Rajamundry Special Chashew Chicken Pakodi | Kaju Chicken Pakodi

Rajamundry Special Chashew Chicken Pakodi, also known as Kaju Chicken Pakodi, is a traditional dish from the city of Rajamundry in Andhra Pradesh, India. It is made by marinating chicken in a mixture of spices and cashew paste, shaping the mixture into small balls or pakodis, and deep-frying them. The dish is typically served as an appetizer or a snack, and is often accompanied by mint or tamarind chutney.


  • 500g chicken breast, cut into small cubes
  • 1 cup cashews, soaked in water for 2 hours
  • 2 onions, finely chopped
  • 2 green chilies, finely chopped
  • 2 cloves of garlic, finely chopped
  • 1 teaspoon ginger paste
  • 1/2 teaspoon red chili powder
  • 1/2 teaspoon turmeric powder
  • 1/2 teaspoon garam masala powder
  • Salt to taste
  • Oil for deep frying


  1. In a blender, grind the soaked cashews to a fine paste.
  2. In a mixing bowl, combine the cashew paste, chicken cubes, onions, green chilies, garlic, ginger paste, red chili powder, turmeric powder, garam masala powder, and salt.
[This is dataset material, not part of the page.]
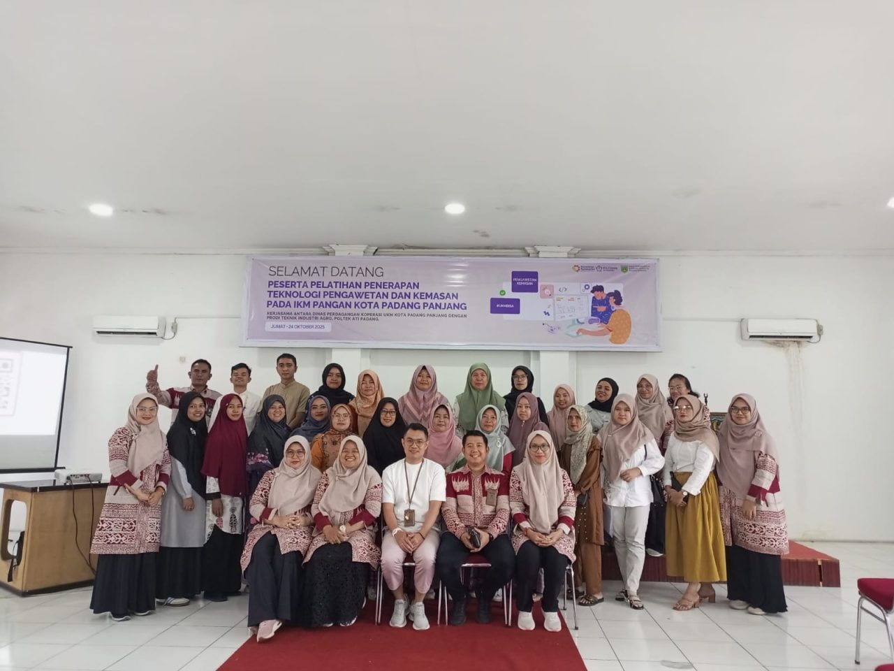 Tim dosen Politeknik ATI Padang sukses melaksanakan kegiatan Pengabdian Kepada Masyarakat (PKM) bertajuk Pelatihan Penerapan Teknologi Pengawetan dan Pengemasan untuk Peningkatan Daya Simpan Produk IKM Pangan Kota Padang Panjang, Jum’at (24/10/2025).

Mix well.
  3. Shape the mixture into small balls or pakodis.
  4. Heat oil in a deep-fryer or a deep pan.
  5. Carefully drop the pakodis into the hot oil and fry until golden brown.
  6. Drain the pakodis on a paper towel to remove excess oil.
  7. Serve hot with mint or tamarind chutney.

Note: You can also add some chopped coriander or mint leaves to the mixture for added flavor.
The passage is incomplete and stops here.